EXERCISE OBJECTIVE
Before writing anything, find the line that contains "Sculpture, Crystal Healing", then retype the entries below exactly from their first line through that one, without pictures.

SUPPLIED MATERIAL
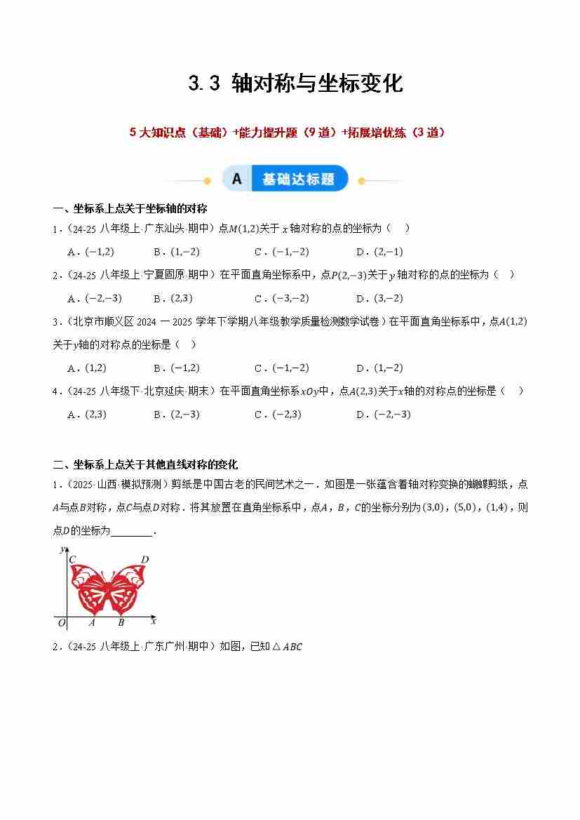 3.3轴对称与坐标变化(分层作业)(原卷版)
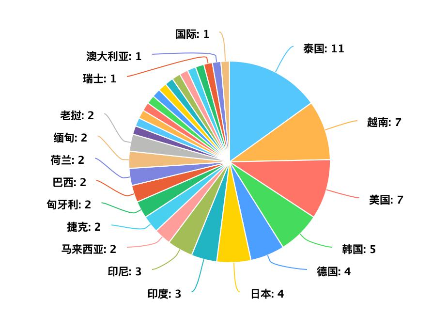 國外市場因產品不同而不完全相同,但主要歐美地區,東南亞,澳洲等國家和地區都有涉及。
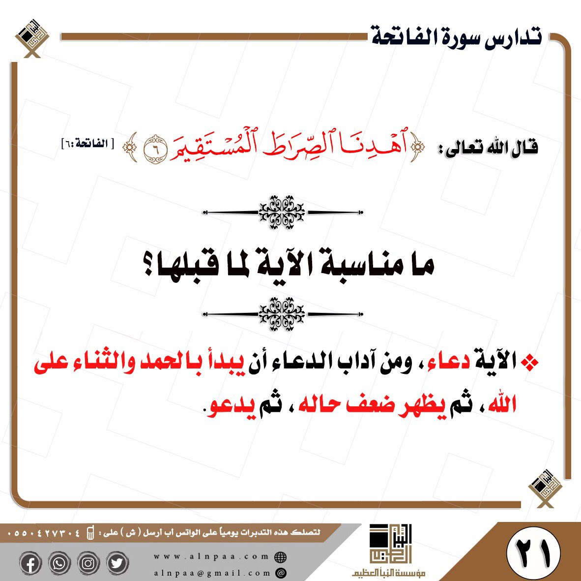 • التساؤل: ﴿اهْدِنَا الصِّرَاطَ الْمُسْتَقِيمَ﴾ ما مناسبة هذه الآية للآيات قبلها؟
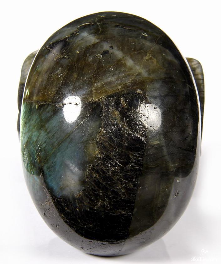 7.7" Labradorite Hand Carved Crystal Skull and Owls Sculpture, Crystal Healing
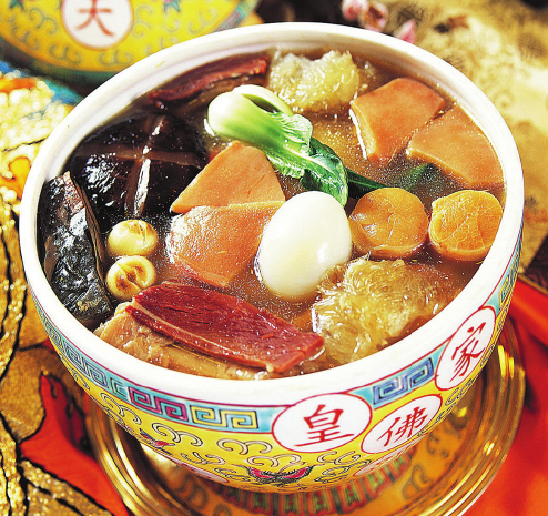 One dish representing imperial luxury is fotiaoqiang, "Buddha jumps over the wall" soup, a seafood soup with 21 ingredients that is simmered for several hours. The restaurant has more than 10 versions of this famous soup, with the various versions ranging in cost from 128 yuan ($21) to more than 2,000 yuan a pot, depending on the value of ingredients used.

TASK SOLUTION
 3.3轴对称与坐标变化(分层作业)(原卷版)
 國外市場因產品不同而不完全相同,但主要歐美地區,東南亞,澳洲等國家和地區都有涉及。
 • التساؤل: ﴿اهْدِنَا الصِّرَاطَ الْمُسْتَقِيمَ﴾ ما مناسبة هذه الآية للآيات قبلها؟
 7.7" Labradorite Hand Carved Crystal Skull and Owls Sculpture, Crystal Healing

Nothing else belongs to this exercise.